ЧЛ очень интересовался международной политикой и весьма опасался возможной деградации США после победы над Испанией в войне 1898 года. Конфликт мог «подтолкнуть их выйти далеко за привычные горизонты к идеалам конкисты, и, в результате, к отказу от индустриальных устремлений и модернизации страны, основ счастья и богатства в пользу воинственности. История уже давно показала агрессивность источником мгновенного обогащения, моментально превращавшегося в длительную нищету и продолжительное несчастье для себя и для других» (см. Bulferetti 1975: 365). Заботила его и ситуация в Китае: ошибался тот, кто полагал, что «Китай уступал, демонстрируя недавно слабость в военном отношении, в то время как он просто отрицал милитаризм для великой цивилизации […]. Его технологическое отставание, вероятно, будет со временем преодолено, и огромные массы умных людей будут представлять, если их раздразнить, серьезную опасность» (Желтая опасность / Il pericolo giallo, in Lombroso 1903a). В этом тексте ЧЛ предположил, что вместо оккупации оружием следовало бы рекламировать эмиграцию как колонизаторское предприятие в дружественных странах: «в той же Южной Америке, если бы мы инвестировали капиталы вместе с отправкой туда наших сельскохозяйственных тружеников, мы бы основали вторую моральную Италию, как это произошло в Соединенных Штатах по отношению к Англии».
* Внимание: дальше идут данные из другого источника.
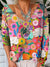 Colorful Summer Floral Garden Pattern Printed V-Neck Pullover Knit Top
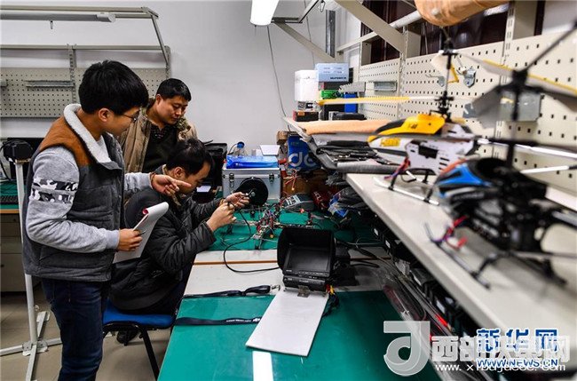 黃大年團(tuán)隊(duì)成員在實(shí)驗(yàn)室內(nèi)調(diào)試、組裝無人機(jī)(2017年2月9日攝)。
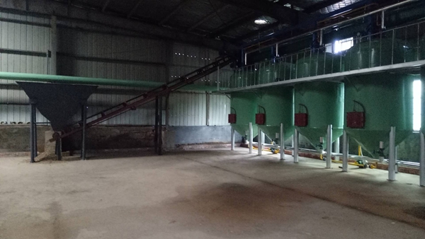 3、白土蒸烘: 浸泡萃取過的廢白土在浸出罐內(nèi)由直接蒸汽經(jīng)過下壓、上蒸后脫掉殘油及水分,達到干燥程度后由人工打開卸料門將廢白土放入出料絞龍,經(jīng)出料絞龍輸送至車間外廢料場。
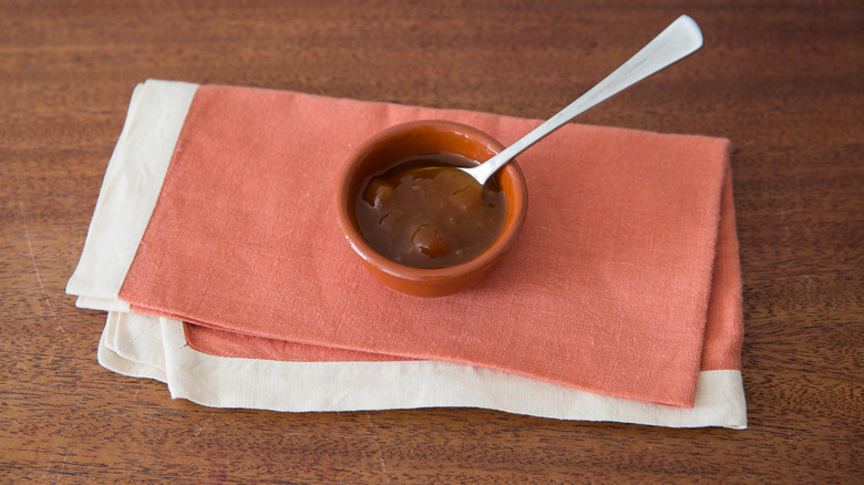 Amba sauce is a pickled mango condiment originating from the historical Jewish cuisine of Baghdad in the 1800s. As the Jewish population of Iraq relocated, the sauce became a Middle Eastern staple, including in Israel. It's now available in many parts of the globe, especially when served over Middle Eastern or Israeli street food like sabich sandwiches. Besides pickled mango, amba contains vinegar and a mix of spices, which can include cumin, mustard, fenugreek, and cayenne pepper. The complex flavor from the mixture of sweet, spicy, and tangy ingredients is captivating.
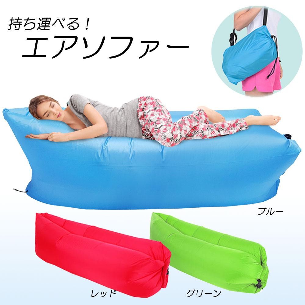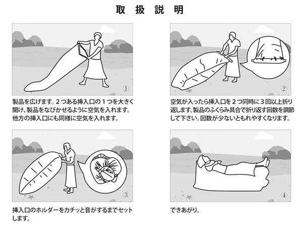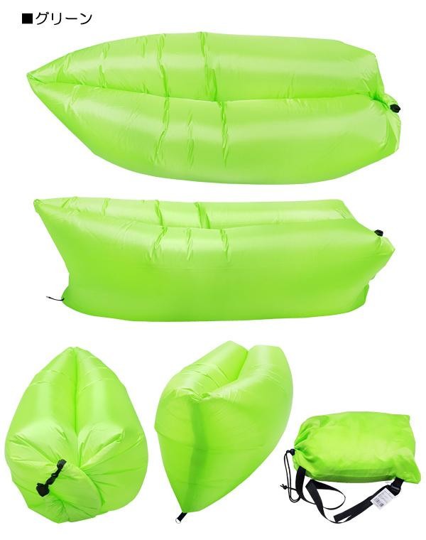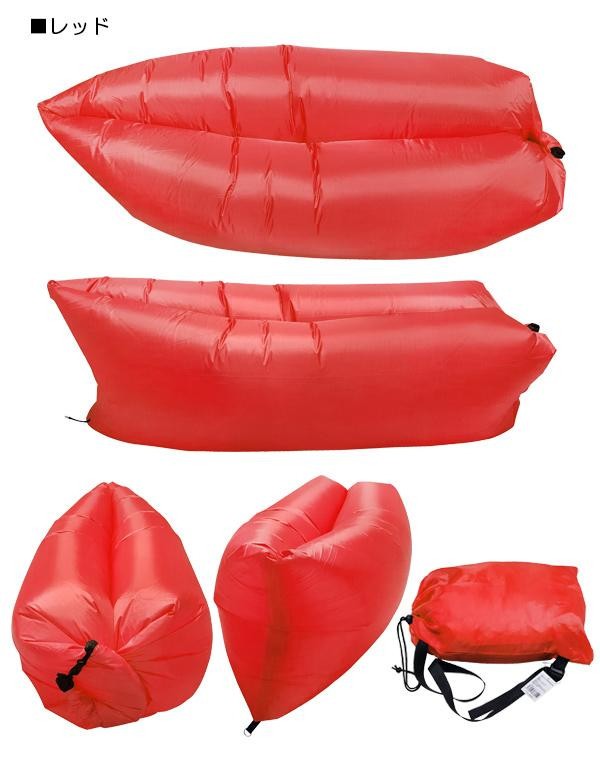 空気を入れて、口を閉めるだけでソファベッドが完成します。折りたたんで持ち運べるのでビーチやキャンプなど屋外での使用にピッタリです。大きな男性でも寝ころべるサイズです。 |
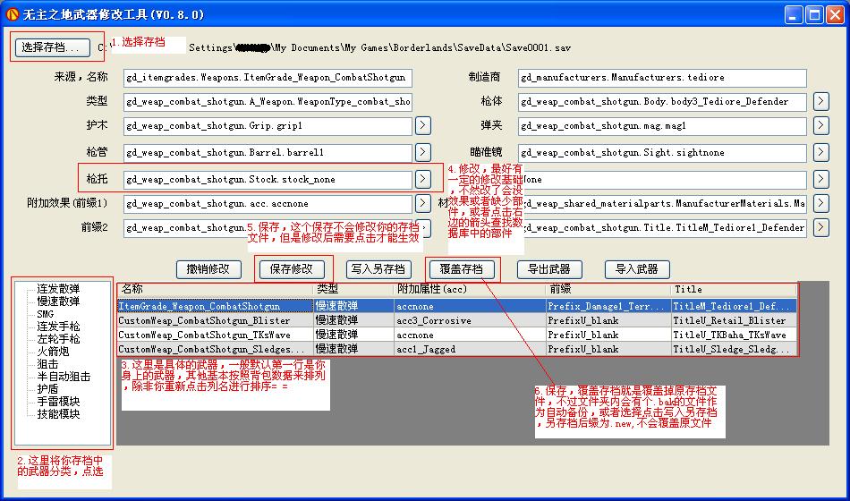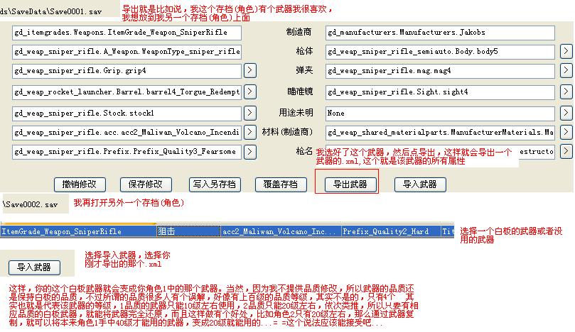 2.本程序功能还不完全,比如枪械部件查询;护盾,手雷,技能mod的修改;名称前缀组合;枪支导入和导出等等功能。所以希望朋友们多提建议
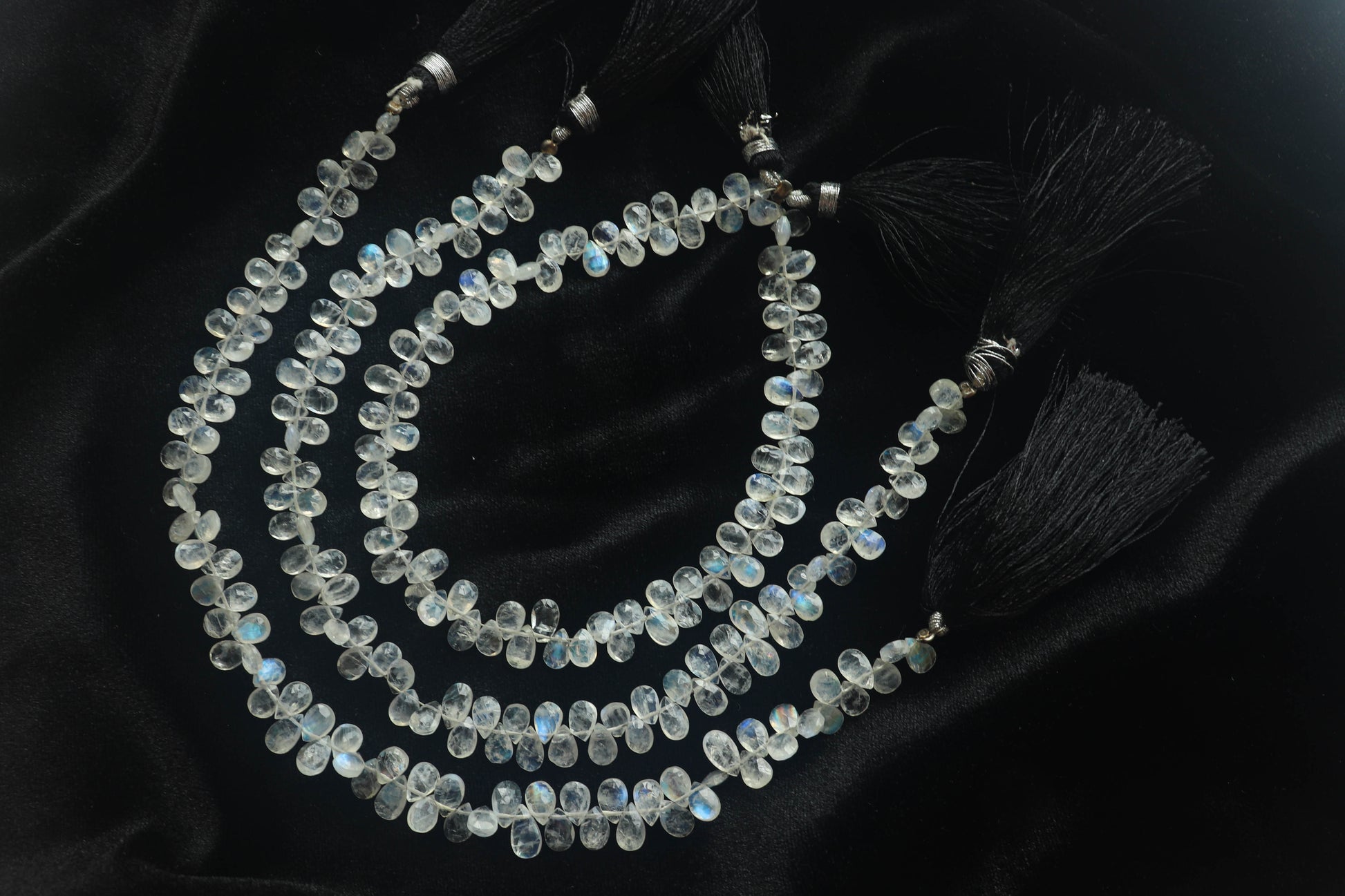 Rainbow Moonstone Faceted Briolette Pear Shape | 4x6mm | 9 inch Full Strand | Natural Rainbow Moonstone | Beadsforyourjewellery
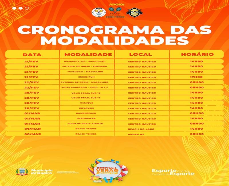 Além da arte principal com o calendário completo, o Município de Guaíra prepara conteúdos complementares com informações sobre inscrições, valores e premiações de cada modalidade, além de artes semanais e vídeos curtos que antecipam o que acontece em cada fim de semana.

В статье «Новый Век» (1901; включена в сборник Lombroso 1903a) он писал, что величина шагов нового века растет в «геометрической прогрессии», в то время как политика остается «совершенно варварской». Во многих уголках мира продолжались жестокие войны, в том числе и среди народов, «которые мы считали куда как более цивилизованными, более миролюбивыми». Милитаристские и колониальные порывы белых людей сменяются быстрым прогрессом, почти европеизацией цветного населения, и особенно важно, что прогресс предоставляет «мощные средства сообщения […], в том числе и по воздуху […], создаются столь мощные двигатели: одного луча достаточно, чтобы осветить весь город, уголь станет ненужным даже для отопления, рабочие руки будут заменены целой серией механических устройств». ЧЛ восхвалял будущие достижения науки и возможности появления мгновенной фотографии, «оптических проекций» и микроскопа. Другими словами, возраставшее недоверие к политикам и их бессмысленной жестокости, компенсировалось верой в лучшее будущее за счет появления новых технологий. Ломброзо неизменно исповедовал веру в прогресс, в то время как его пацифизм вполне вписывался в международное движение, возглавлявшееся Ассоциацией международного примирения (Bulferetti 1975: 418 и, прежде всего, Girardi 2016). Сегодня ЧЛ предстает перед нами почти провидцем, способным в значительной степени предугадать, каким мир станет спустя столетие.
Альфредо Ничефоро, чьи позиции были близки к социализму ЧЛ, примерно в то же время опубликовал статью под говорящим названием «Колонизируем… Италию» (10 мая 1899):
«Мания колонизации усилилась настолько, что превратилась в настоящую идею фикс, которая упорно вертится в головах этих провидцев, как низкое солнце в полярных областях. Поэтому, вдобавок ко всем проблемам старой цивилизации, мы получили и все проблемы нации молодой, мгновенно образовалась толпа, аплодирующая идее […]. Я отлично понимаю, что отказ от спорта колонизации нанесет болезненную рану сердцам тех, кто мечтает о славе и более-менее рыцарских эпосах, о подвигах колонизаторов, однако рациональная часть моего мозга предполагает обратное […]. Испания, с ее утраченным частично, как и у нас, флотом, потеряла колонии, а мы хотим взвалить на себя новые? […] Я не утверждаю, что Италия должна покорно склониться и принять последнее место в списке наций – это было бы чем-то вроде каждодневного самоубийства – но уверен, что международный престиж и звание великой нации можно обрести, не вступая в опасную схватку за колонии, а наоборот, делая свою страну процветающей и богатой».